2017年12月09日

絵本出版 「とりこしふくろう」ほのぼの 「夢かないうれしい」 動物園職員・イラストレーター、滑川麻衣さん /茨城【毎日新聞2017年12月9日】(かみね動物園)

自身がイラストを描いたかみね動物園のオリジナルカレンダーを手にする滑川さん
 日立市のかみね動物園で非常勤嘱託職員を務めるイラストレーターの滑川麻衣さん(28)=同市在住=が動物たちをモデルにした絵本を出版した。滑川さんは「書店に自分が創作した絵本が並ぶことが夢だった。その夢がかない、とてもうれしい」と笑顔を見せた。【佐藤則夫】

 絵本のタイトルは「とりこしふくろう」(1188円)。8月に白泉社から出版された。滑川さんにとって4作目の絵本で、過去の作品はインターネットで販売されたことはあるが、全国の書店で販売されるのは今回が初めてだ。

 作品は2015年の「第4回MOE創作絵本グランプリ」で佳作に選ばれた。本来なら書籍化されるのはグランプリ作品に限られていた。しかし、入賞作品を掲載した同社発行の絵本雑誌「MOE」編集部に読者から多くの反響が寄せられたこともあり、出版にこぎつけたという。

 作品の主人公はおじいさんフクロウ。雨の日に出会った迷子のヒヨコを育てるため、一晩中思い悩む優しいフクロウの「取り越し苦労」をほのぼのと描いている。

 滑川さんは「作家として作品を読まれるという緊張感がある。これからもいい作品を作れるように頑張りたい」と表情を引き締めながら、「動物園で学んだことなどをヒントに動物をモデルにした絵本づくりをしていきたい」と意欲を示した。

 滑川さんは12年に茨城大教育学部を卒業後、イラストレーターとして活動しながら、絵本作家を目指し創作に励んでいる。絵本の題材になることが多い動物の生態を身近で知りたいと思い、昨年から非常勤で同園に勤務。子供たちが動物と触れ合える「ふれあい広場」で飼育サポーターを担当している。
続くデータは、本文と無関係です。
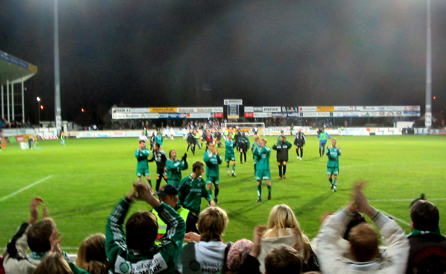 Players on the Norwegian Premier League team Hamarkameratene thanking their supporters after playing away against Odd Grenland in the last round of the 2004 season.
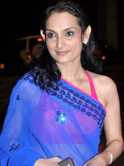 Rajeshwari Sachdev at Shweta Tiwari's wedding ceremony
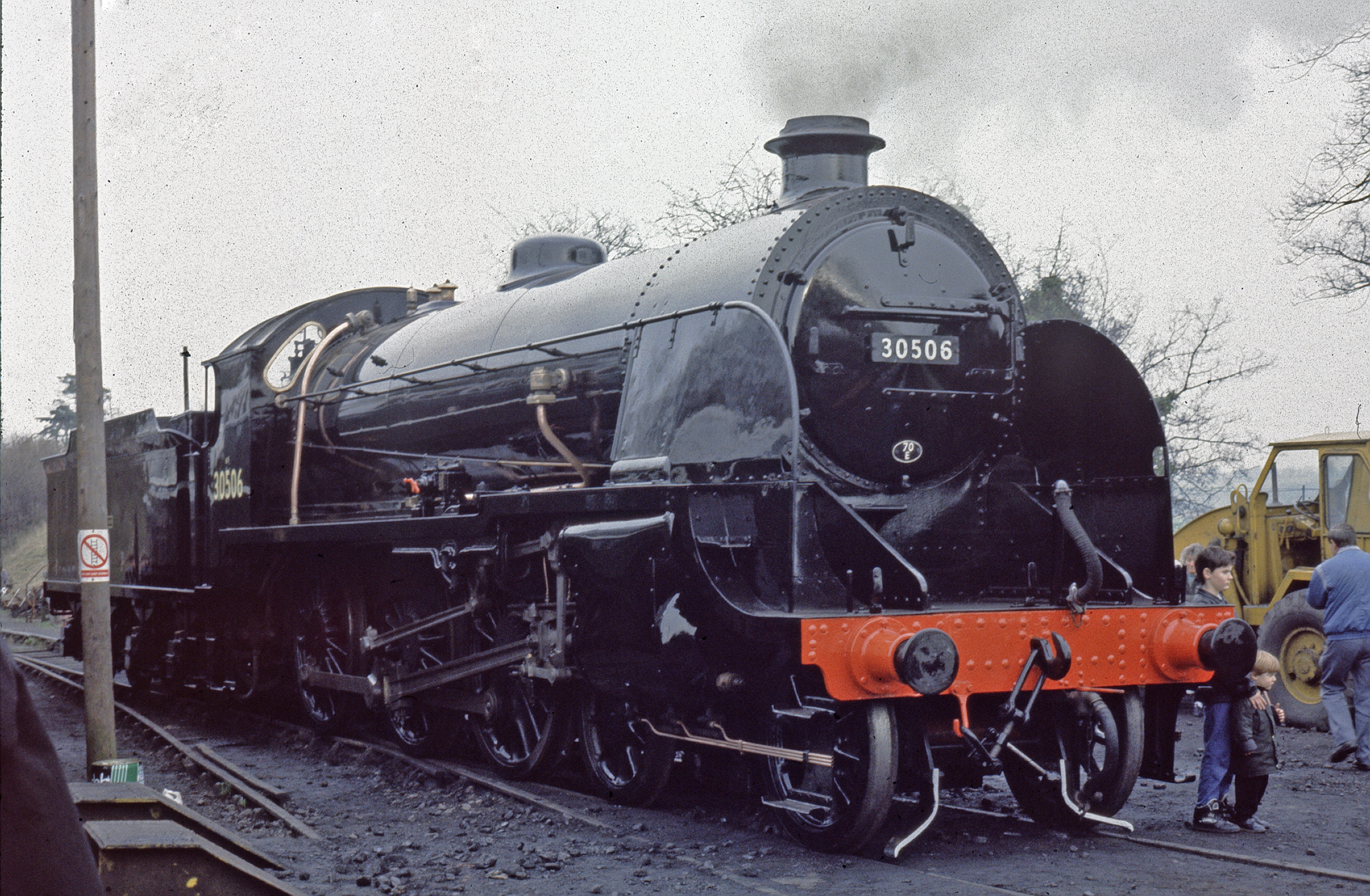 In Ropley yard. A scan from an 80s slide.

 また、滑川さんがイラストを担当した同園の18年版オリジナルカレンダーも完成した。今年赤ちゃんが誕生したマンドリルや、チリーフラミンゴの親子などを描いており、使用後はイラストを切り抜いて使えるように構図も工夫した。

 17年版カレンダーに続いてイラストを採用された滑川さんは「子どもたちに喜んでもらえるよう、カラフルな色調にして絵本のようなタッチで描いた」と語った。

 カレンダーはB2サイズで400部(1部300円)を製作。同園の入場券売り場で販売している。問い合わせは同園(0294・22・5586)。

かみね開園60年記念誌
 かみね動物園が製作した開園60周年記念誌が完成した。1957年の開園から現在までの足跡を記した年表や飼育動物を掲載しているほか、最近10年間の施設の変遷や取り組んでいるさまざまなイベントなども紹介している。
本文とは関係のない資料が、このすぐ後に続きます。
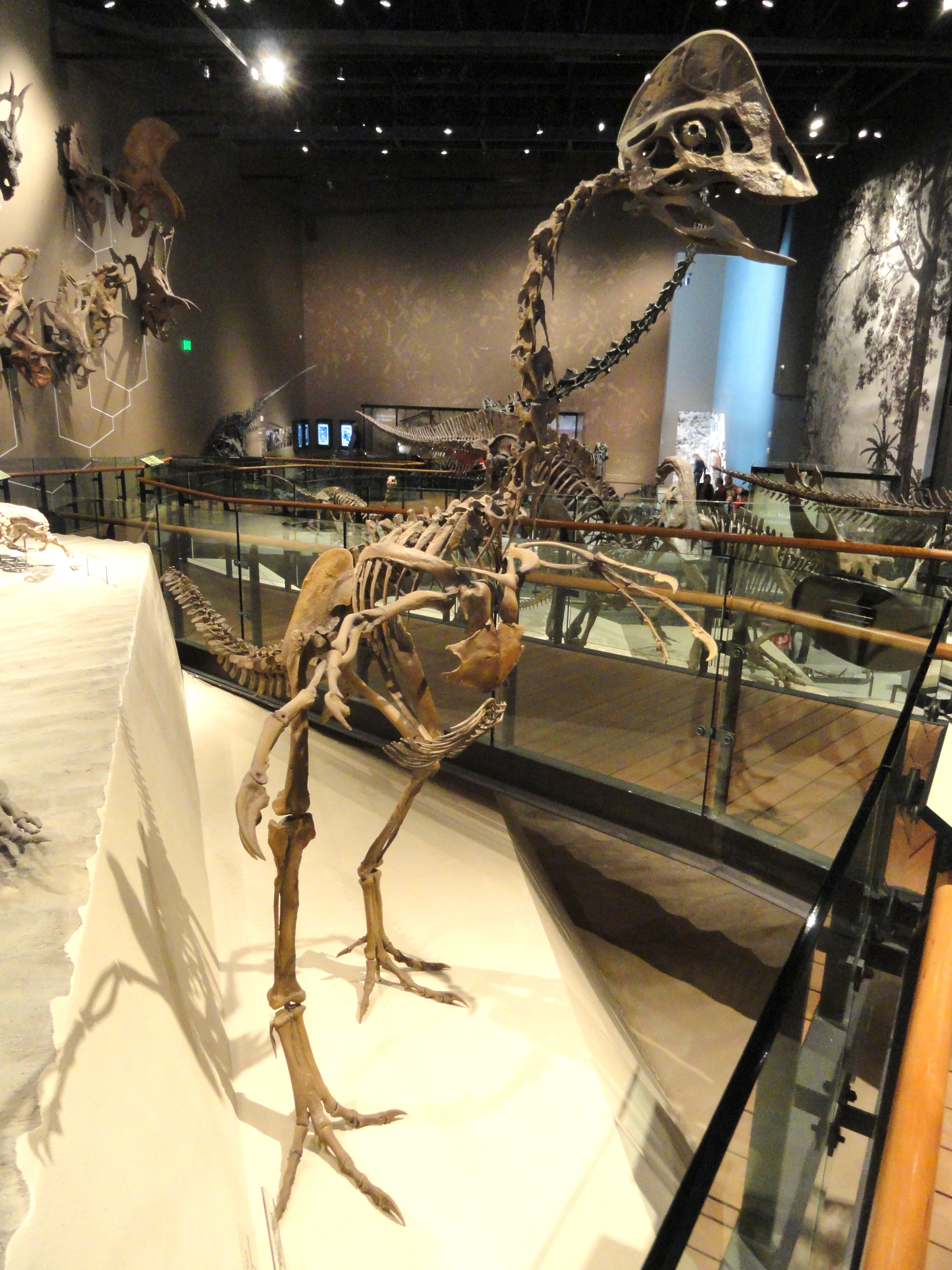 Fossil specimen in the Natural History Museum of Utah, Salt Lake City, Utah, USA.
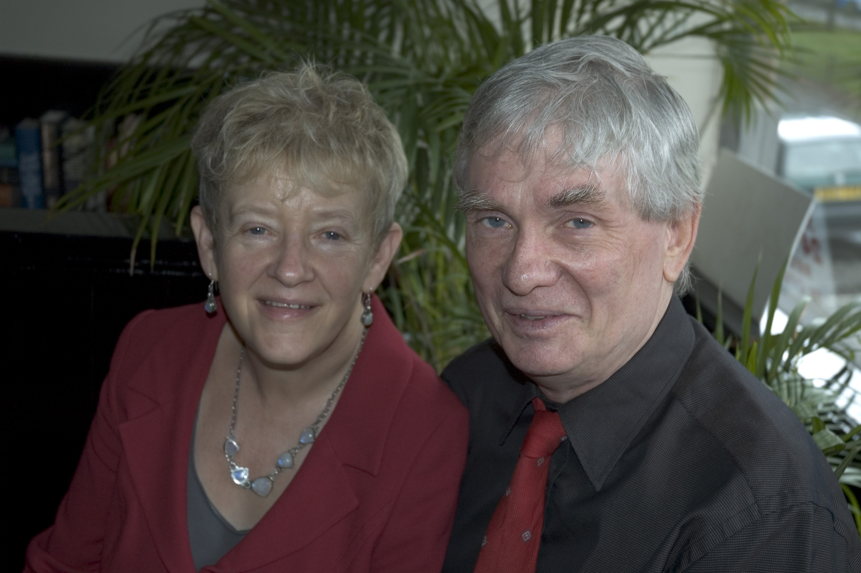 Photograph of the authors P.J. Brooke
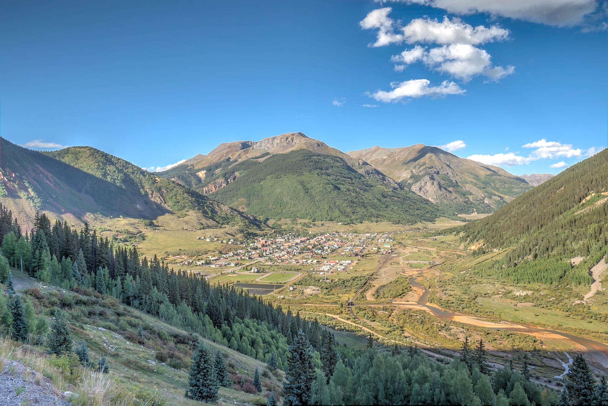 Silverton, CO from US Route 550
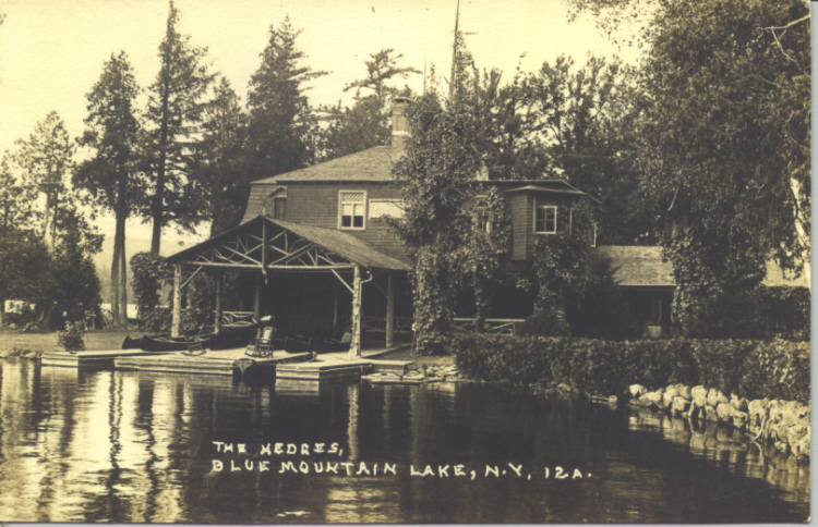 H. M. Beach photo of the Hedges, Blue Mountain Lake, NY. Built in 1880 by Hiram B. Duryea, a brigadier general of the US Reserves, in the style of what is now called the Adirondack Great Camp - a main lodge with 20 some out-buildings. The Hedges was operated as a private home, then a well-known lodge for tourists in the 1950s and 60s. Since 2000 it has been restored and preserved for future generations, again open for overnight visitors.

 来年秋には爬虫(はちゅう)類と市の鳥「ウミウ」を複合展示する新獣舎「はちゅうウるい館」が完成する予定。生江信孝園長は「開園50周年を機にさまざまな施設のリニューアルに取り組んだり、東日本大震災もあったりと激動の10年間だった。その変化を皆さんに伝え、記憶にとどめてもらいたい」と語った。

 記念誌はA4判でフルカラーの28ページ。1000部(1部400円)を発行。同園の入場券売り場で販売している。